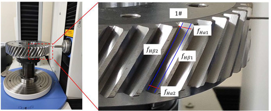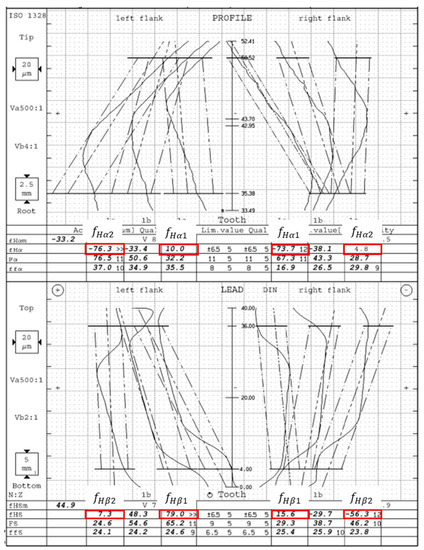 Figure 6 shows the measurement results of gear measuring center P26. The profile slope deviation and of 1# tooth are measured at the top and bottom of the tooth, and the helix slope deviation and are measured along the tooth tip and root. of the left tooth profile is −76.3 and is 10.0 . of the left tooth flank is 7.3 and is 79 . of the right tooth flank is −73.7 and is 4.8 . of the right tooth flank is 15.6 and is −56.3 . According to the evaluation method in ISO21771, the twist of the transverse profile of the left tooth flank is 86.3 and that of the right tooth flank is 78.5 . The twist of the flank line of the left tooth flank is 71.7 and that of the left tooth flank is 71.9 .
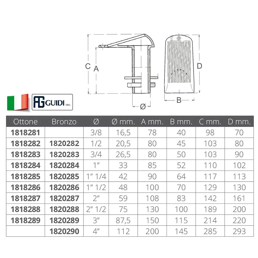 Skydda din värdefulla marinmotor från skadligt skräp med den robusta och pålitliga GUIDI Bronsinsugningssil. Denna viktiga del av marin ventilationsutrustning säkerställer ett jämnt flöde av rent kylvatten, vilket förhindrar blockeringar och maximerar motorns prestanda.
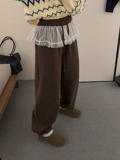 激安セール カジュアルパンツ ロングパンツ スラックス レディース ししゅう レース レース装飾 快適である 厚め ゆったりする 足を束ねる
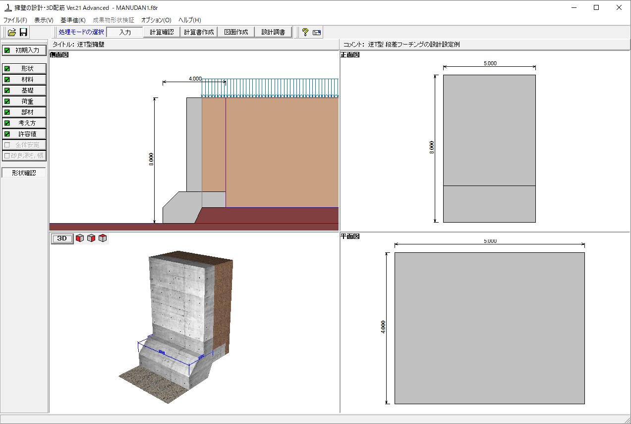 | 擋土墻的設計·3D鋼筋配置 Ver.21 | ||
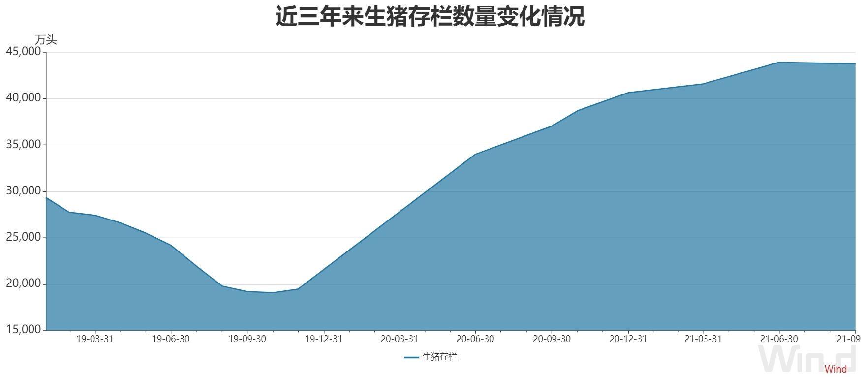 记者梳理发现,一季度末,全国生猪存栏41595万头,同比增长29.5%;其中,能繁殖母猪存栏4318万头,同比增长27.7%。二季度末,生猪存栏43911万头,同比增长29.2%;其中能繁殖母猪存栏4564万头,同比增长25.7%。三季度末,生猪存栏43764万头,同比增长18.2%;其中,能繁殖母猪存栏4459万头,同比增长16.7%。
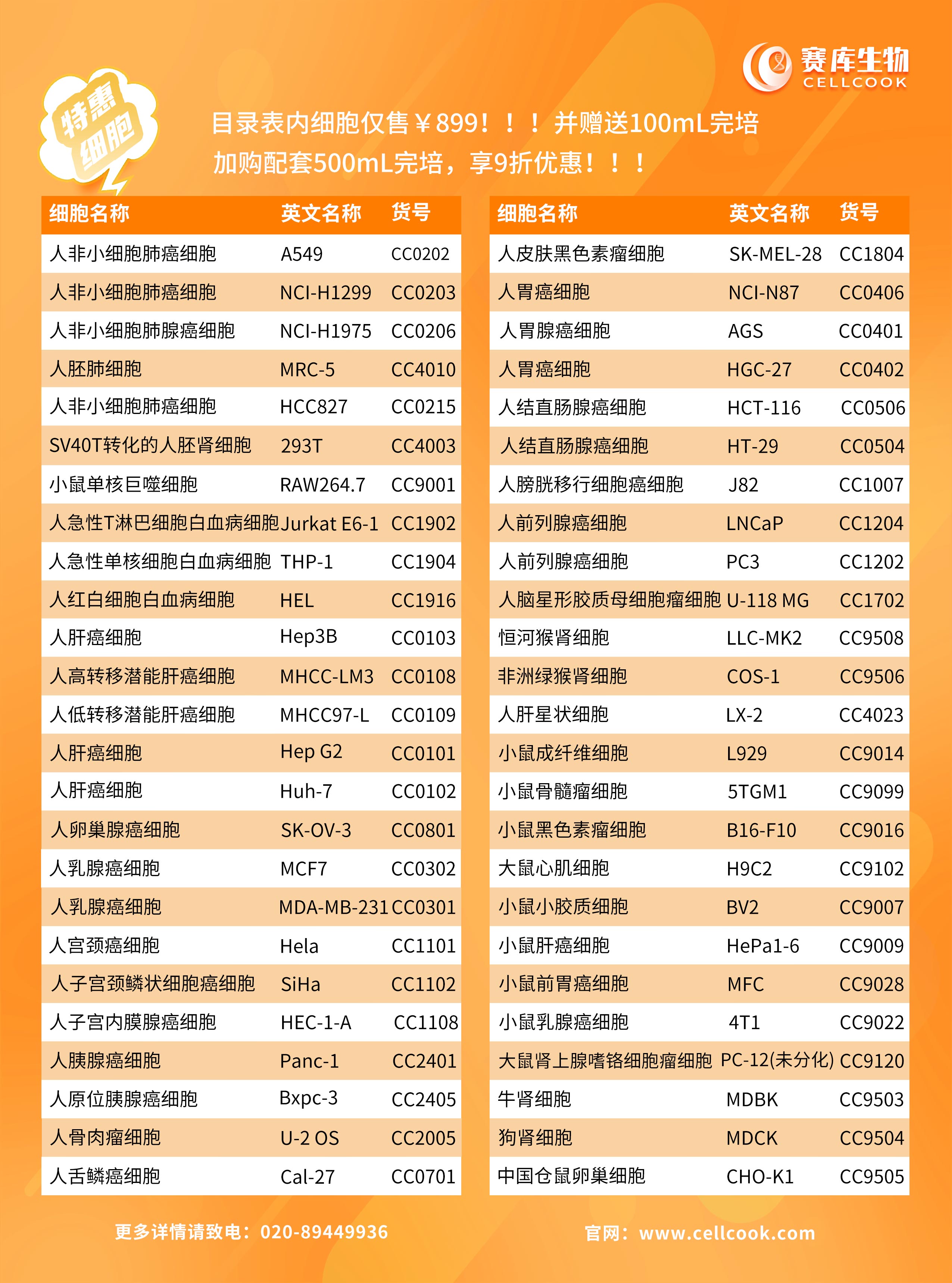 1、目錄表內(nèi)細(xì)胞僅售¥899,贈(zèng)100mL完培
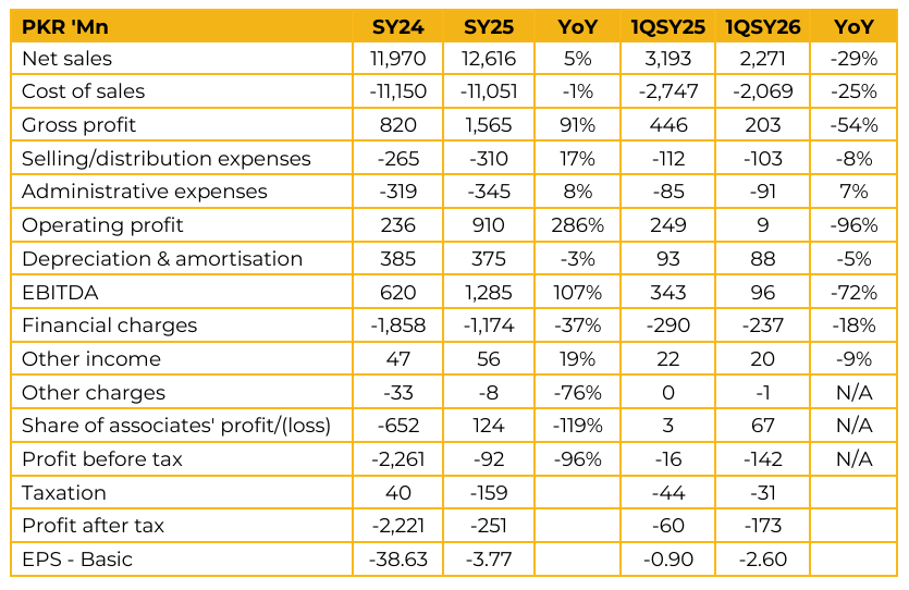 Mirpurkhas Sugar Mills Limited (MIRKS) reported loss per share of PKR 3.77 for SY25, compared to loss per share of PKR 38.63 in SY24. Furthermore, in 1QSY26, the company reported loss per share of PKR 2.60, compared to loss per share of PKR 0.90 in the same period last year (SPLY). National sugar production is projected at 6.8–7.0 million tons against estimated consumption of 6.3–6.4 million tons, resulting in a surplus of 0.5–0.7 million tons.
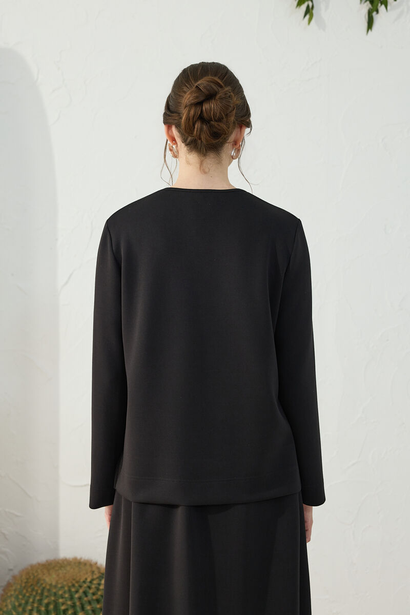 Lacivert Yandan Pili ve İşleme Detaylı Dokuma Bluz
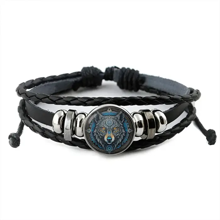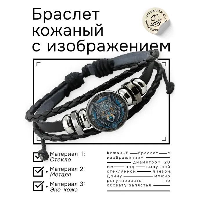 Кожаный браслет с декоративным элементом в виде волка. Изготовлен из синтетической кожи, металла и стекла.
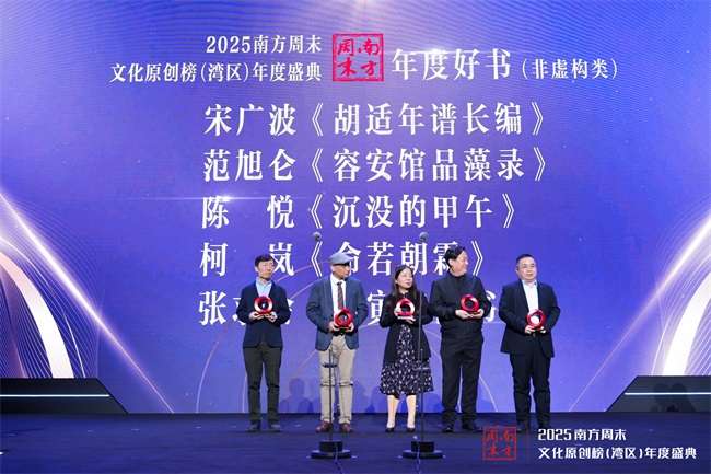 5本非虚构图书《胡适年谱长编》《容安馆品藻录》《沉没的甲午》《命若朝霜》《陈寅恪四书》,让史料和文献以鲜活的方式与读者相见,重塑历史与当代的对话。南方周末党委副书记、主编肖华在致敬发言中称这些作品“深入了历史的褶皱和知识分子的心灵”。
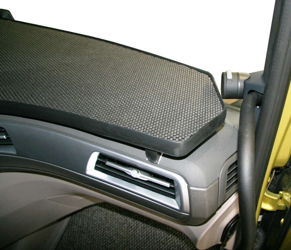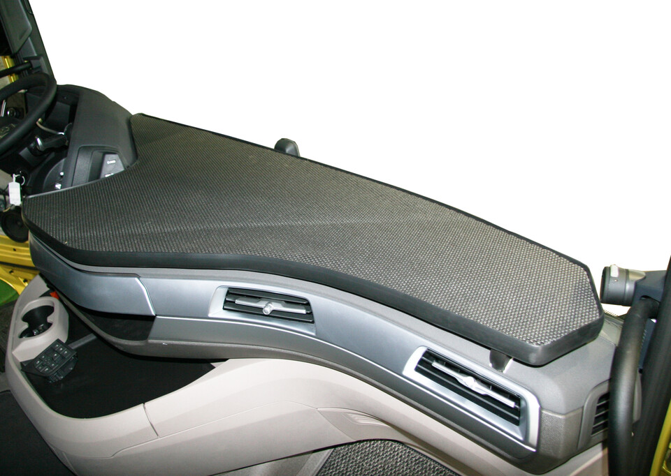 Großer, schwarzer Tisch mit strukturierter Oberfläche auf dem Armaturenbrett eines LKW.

- _Assignment_
Look above for the line with "记者梳理发现,一季度末,全国"; quote it and every line after it, stopping after the line with "1、目錄表內(nèi)細(xì)胞僅售¥899,贈(zèng)100mL完培", exactly, with nothing added and without pictures.

- _Reply_
 记者梳理发现,一季度末,全国生猪存栏41595万头,同比增长29.5%;其中,能繁殖母猪存栏4318万头,同比增长27.7%。二季度末,生猪存栏43911万头,同比增长29.2%;其中能繁殖母猪存栏4564万头,同比增长25.7%。三季度末,生猪存栏43764万头,同比增长18.2%;其中,能繁殖母猪存栏4459万头,同比增长16.7%。
 1、目錄表內(nèi)細(xì)胞僅售¥899,贈(zèng)100mL完培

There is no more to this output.